• [Provided data]:

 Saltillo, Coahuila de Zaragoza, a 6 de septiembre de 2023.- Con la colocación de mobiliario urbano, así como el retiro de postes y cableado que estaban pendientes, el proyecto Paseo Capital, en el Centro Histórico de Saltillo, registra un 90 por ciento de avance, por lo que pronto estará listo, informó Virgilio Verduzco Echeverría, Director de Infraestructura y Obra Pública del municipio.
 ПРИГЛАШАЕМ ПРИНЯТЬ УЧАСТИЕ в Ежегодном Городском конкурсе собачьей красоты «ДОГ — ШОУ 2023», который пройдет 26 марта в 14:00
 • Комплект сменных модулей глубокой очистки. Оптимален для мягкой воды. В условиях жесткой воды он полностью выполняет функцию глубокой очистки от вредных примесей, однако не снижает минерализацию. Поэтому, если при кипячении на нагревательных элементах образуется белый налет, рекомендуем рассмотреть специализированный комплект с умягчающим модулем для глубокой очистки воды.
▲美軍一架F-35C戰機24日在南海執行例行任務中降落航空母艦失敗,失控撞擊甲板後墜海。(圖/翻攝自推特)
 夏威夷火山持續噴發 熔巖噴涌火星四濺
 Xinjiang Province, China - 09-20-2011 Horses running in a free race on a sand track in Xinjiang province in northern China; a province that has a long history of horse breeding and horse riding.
* * *
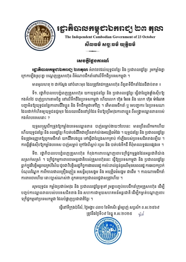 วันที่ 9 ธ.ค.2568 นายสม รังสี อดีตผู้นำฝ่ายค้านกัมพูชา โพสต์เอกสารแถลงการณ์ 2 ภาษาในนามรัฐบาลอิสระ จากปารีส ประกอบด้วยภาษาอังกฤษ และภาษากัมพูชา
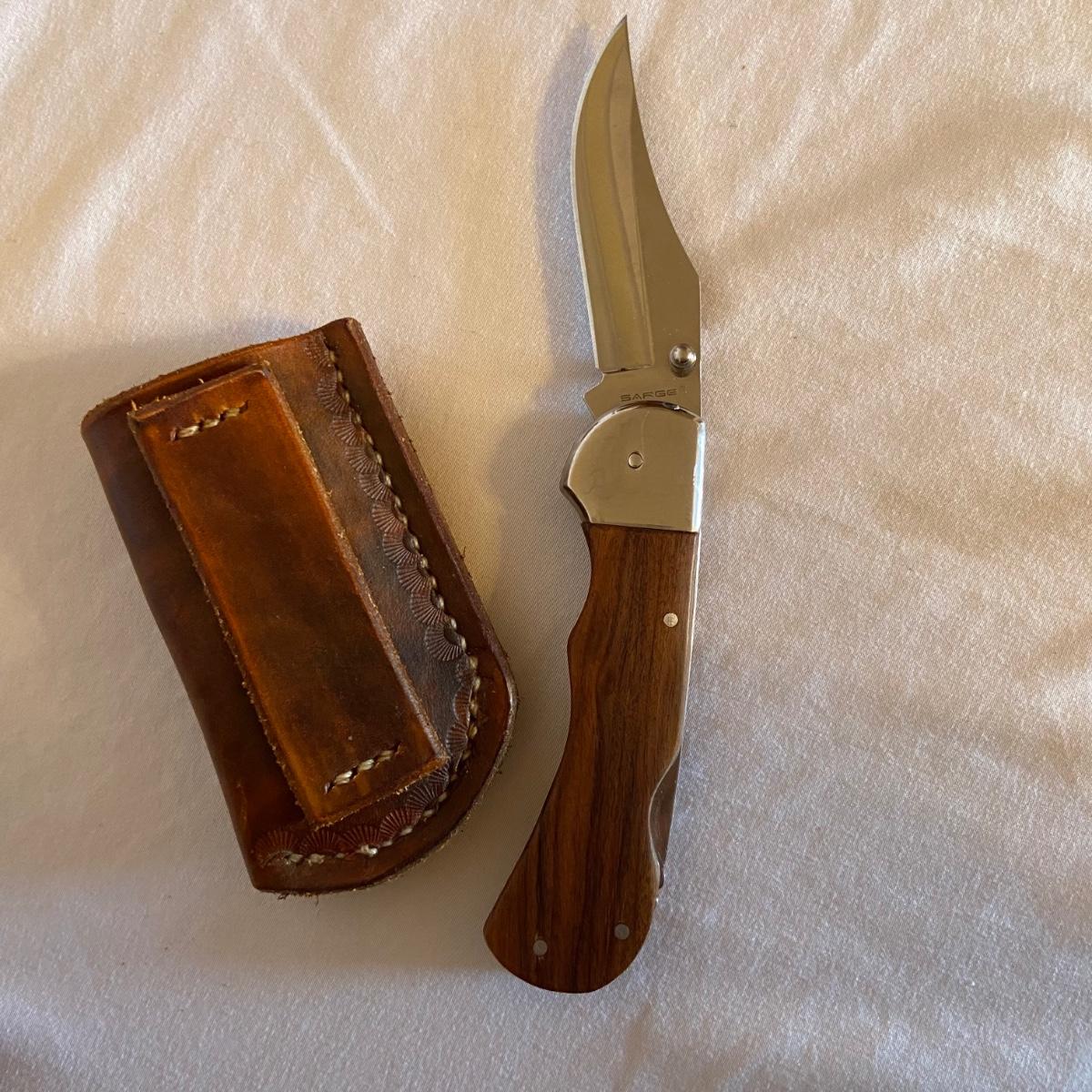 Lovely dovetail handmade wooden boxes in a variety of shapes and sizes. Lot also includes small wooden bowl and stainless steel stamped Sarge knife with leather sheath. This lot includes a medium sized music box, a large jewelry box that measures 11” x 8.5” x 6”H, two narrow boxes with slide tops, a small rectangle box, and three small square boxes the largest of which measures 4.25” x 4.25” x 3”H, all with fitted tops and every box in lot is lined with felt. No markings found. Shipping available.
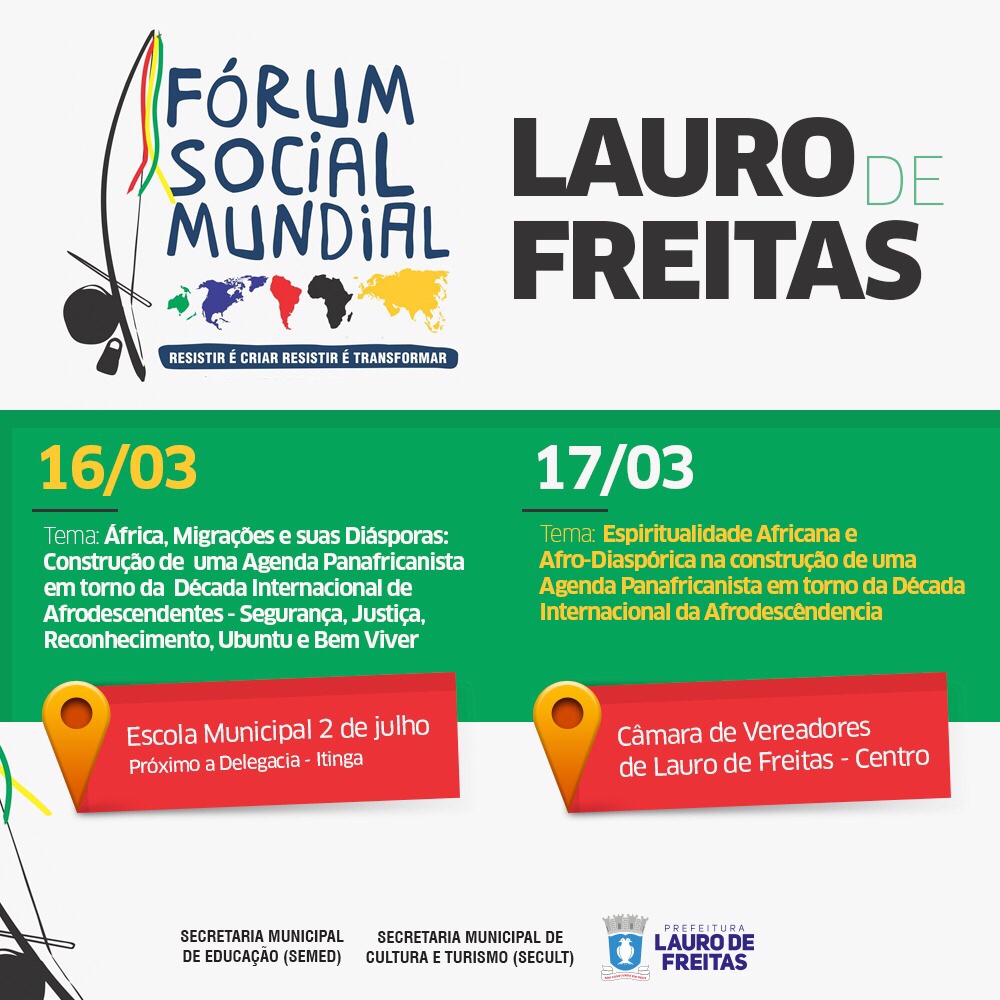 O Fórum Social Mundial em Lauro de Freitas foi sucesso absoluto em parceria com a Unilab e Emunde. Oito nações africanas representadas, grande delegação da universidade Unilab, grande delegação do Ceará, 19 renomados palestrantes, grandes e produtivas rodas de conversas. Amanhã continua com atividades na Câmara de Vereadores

• [Description of the task]:
Please give again the lines above between the line holding "Saltillo, Coahuila de" and the line holding "ПРИГЛАШАЕМ ПРИНЯТЬ УЧАСТИЕ", inclusive, exactly as they are and with nothing added.

• [Reply to the task]:
 Saltillo, Coahuila de Zaragoza, a 6 de septiembre de 2023.- Con la colocación de mobiliario urbano, así como el retiro de postes y cableado que estaban pendientes, el proyecto Paseo Capital, en el Centro Histórico de Saltillo, registra un 90 por ciento de avance, por lo que pronto estará listo, informó Virgilio Verduzco Echeverría, Director de Infraestructura y Obra Pública del municipio.
 ПРИГЛАШАЕМ ПРИНЯТЬ УЧАСТИЕ в Ежегодном Городском конкурсе собачьей красоты «ДОГ — ШОУ 2023», который пройдет 26 марта в 14:00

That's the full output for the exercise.